[Collected data entries]
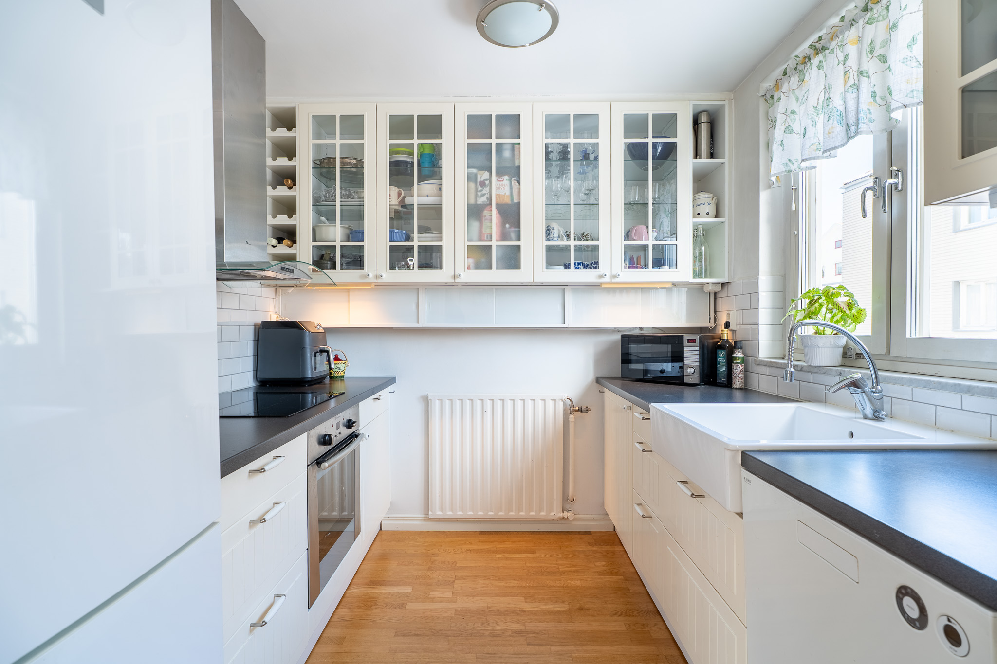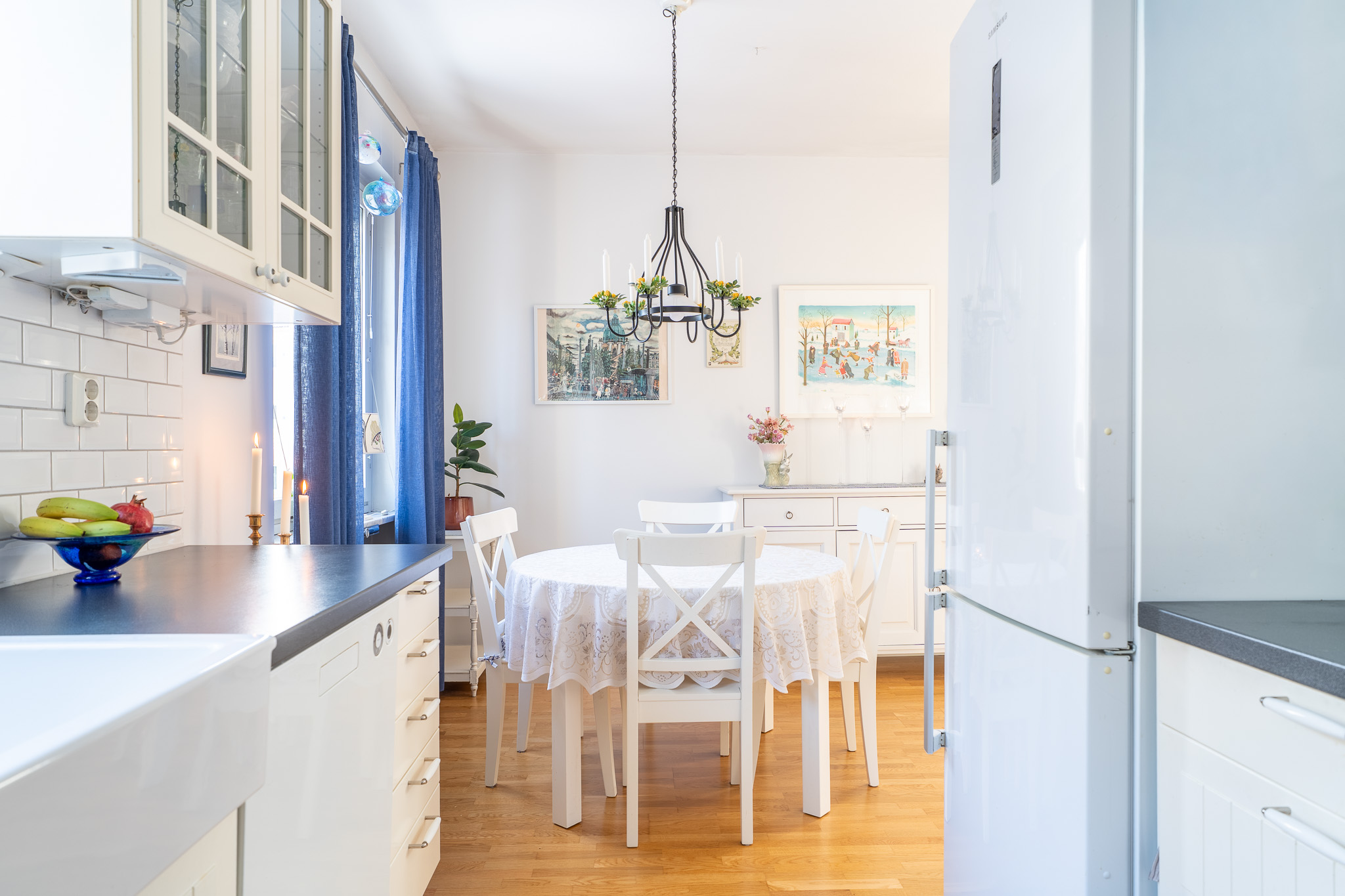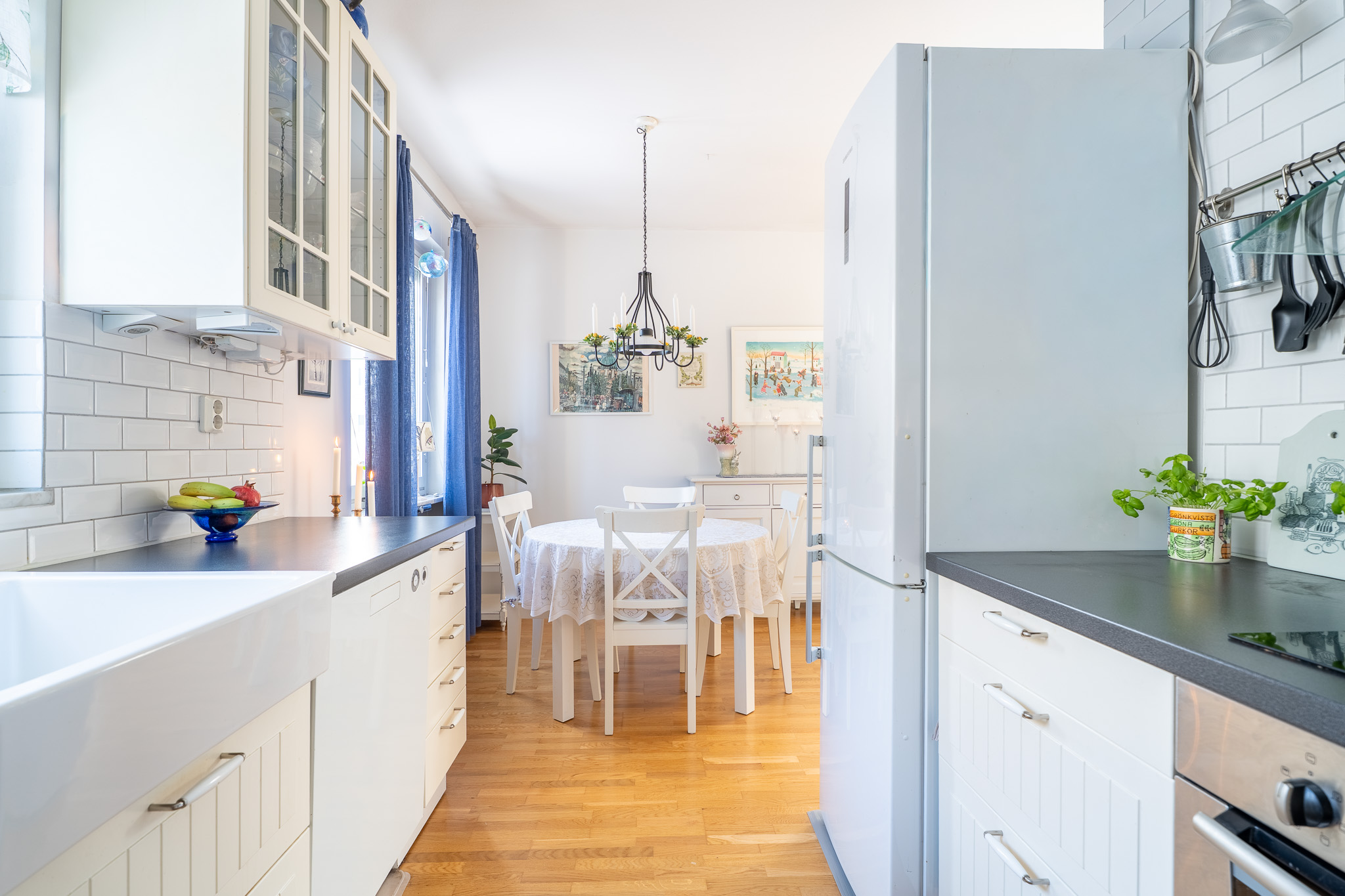 Lantligt kök med vackra vitrinskåp samt extra stor diskho med utsikt över innergården. Här erbjuds skåp och lådor i vitt utförande i kombination med vitt kakel. Här erbjuds bra förvaringsmöjligheter, vinställ, induktionshäll, ugn, diskmaskin, fläkt samt kombinerad kyl och frys. Intill köket erbjuds en matplats för 4-6 personer.
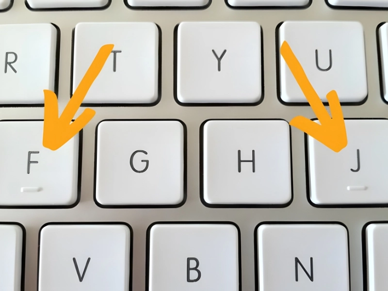 6. Die Erhebungen auf den Tasten „F“ und „J“
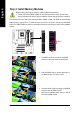 English Step 2: Install Memory Modules Before installing the m emory modules, adhere to the following warning: 1. Please note that the DIMM module can only fit in one direction due to the one notch. Wrong orientation will cause im proper installation. Please change the insert orientation. The motherboard has 2 dual inline memory m odule (DIM M) sockets. The BIOS will automatically detects memory type and size. To install the memory module, just push it vertically into the DIMM socket.
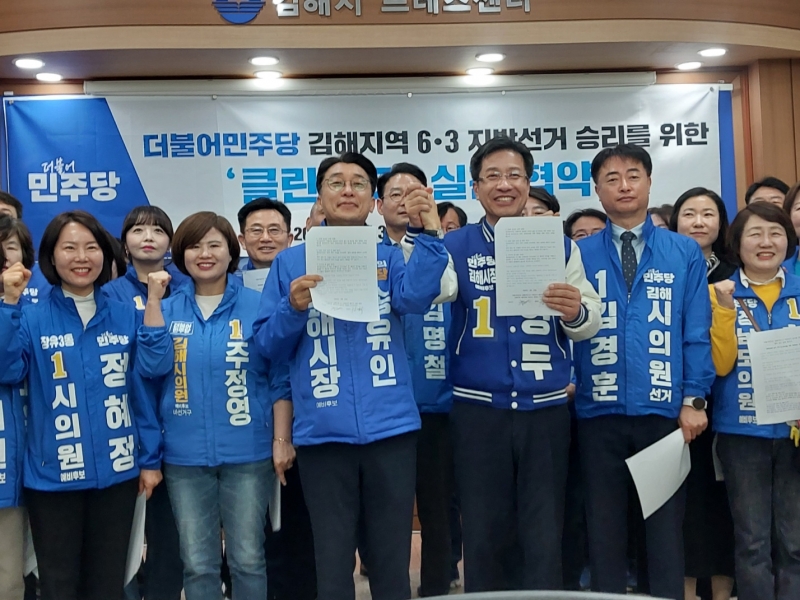 6.3 Áö¹æ¼±°Å¿¡ Ã⸶ÇÏ´Â ´õºÒ¾î¹ÎÁÖ´ç ±èÇØÁö¿ª ¿¹ºñÈ帵éÀÌ 30ÀÏ ¿ÀÀü ±èÇØ½Ãû ÇÁ·¹½º¼¾ÅÍ¿¡¼ Çù¾à½ÄÀ» ÇÏ°í ½Ã¹Î ¾Õ¿¡ ºÎ²ô·´Áö ¾ÊÀº `Ŭ¸° °æ¼±`À» Ä¡¸£°Ú´Ù°í ¾à¼ÓÇß´Ù.
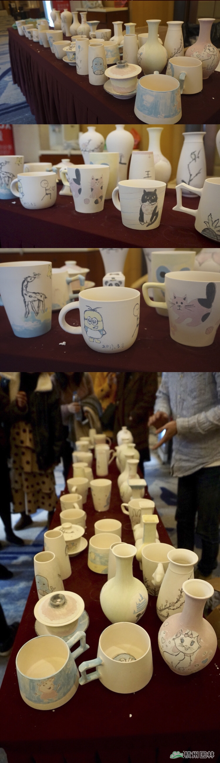 說(shuō)起陶藝,大家想到的肯定是雙手扶著轉(zhuǎn)盤上的陶泥,捏出形態(tài)各異作品的場(chǎng)景,但今天我們玩點(diǎn)不一樣的。素胚固然清爽,但少了色彩的點(diǎn)綴,總會(huì)覺(jué)得好像黑白電影略顯枯燥。是的,這次我們將畫(huà)紙搬到了這些瓶瓶罐罐之上。認(rèn)真的女人真的很美,一幅幅生動(dòng)的畫(huà)作在短短的一個(gè)多小時(shí)的時(shí)間里展現(xiàn)在了大家的眼前。有山水,有動(dòng)物,有卡通畫(huà),有說(shuō)要送給家中寶寶的,也有說(shuō)這代表了我們一家三口的。拿起畫(huà)筆的小仙女們,不再是那些個(gè)日常辦公室里的形象了,她們?cè)诮裉欤炎约旱目蓯?ài)、風(fēng)趣、溫婉、隨性等等面貌展現(xiàn)得淋漓盡致。

YOUR OBJECTIVE: In this exercise, set down all of the data exactly, without the pictures.

YOUR RESPONSE:
 Lantligt kök med vackra vitrinskåp samt extra stor diskho med utsikt över innergården. Här erbjuds skåp och lådor i vitt utförande i kombination med vitt kakel. Här erbjuds bra förvaringsmöjligheter, vinställ, induktionshäll, ugn, diskmaskin, fläkt samt kombinerad kyl och frys. Intill köket erbjuds en matplats för 4-6 personer.
 6. Die Erhebungen auf den Tasten „F“ und „J“
 English Step 2: Install Memory Modules Before installing the m emory modules, adhere to the following warning: 1. Please note that the DIMM module can only fit in one direction due to the one notch. Wrong orientation will cause im proper installation. Please change the insert orientation. The motherboard has 2 dual inline memory m odule (DIM M) sockets. The BIOS will automatically detects memory type and size. To install the memory module, just push it vertically into the DIMM socket.
 6.3 Áö¹æ¼±°Å¿¡ Ã⸶ÇÏ´Â ´õºÒ¾î¹ÎÁÖ´ç ±èÇØÁö¿ª ¿¹ºñÈ帵éÀÌ 30ÀÏ ¿ÀÀü ±èÇØ½Ãû ÇÁ·¹½º¼¾ÅÍ¿¡¼ Çù¾à½ÄÀ» ÇÏ°í ½Ã¹Î ¾Õ¿¡ ºÎ²ô·´Áö ¾ÊÀº `Ŭ¸° °æ¼±`À» Ä¡¸£°Ú´Ù°í ¾à¼ÓÇß´Ù.
 說(shuō)起陶藝,大家想到的肯定是雙手扶著轉(zhuǎn)盤上的陶泥,捏出形態(tài)各異作品的場(chǎng)景,但今天我們玩點(diǎn)不一樣的。素胚固然清爽,但少了色彩的點(diǎn)綴,總會(huì)覺(jué)得好像黑白電影略顯枯燥。是的,這次我們將畫(huà)紙搬到了這些瓶瓶罐罐之上。認(rèn)真的女人真的很美,一幅幅生動(dòng)的畫(huà)作在短短的一個(gè)多小時(shí)的時(shí)間里展現(xiàn)在了大家的眼前。有山水,有動(dòng)物,有卡通畫(huà),有說(shuō)要送給家中寶寶的,也有說(shuō)這代表了我們一家三口的。拿起畫(huà)筆的小仙女們,不再是那些個(gè)日常辦公室里的形象了,她們?cè)诮裉欤炎约旱目蓯?ài)、風(fēng)趣、溫婉、隨性等等面貌展現(xiàn)得淋漓盡致。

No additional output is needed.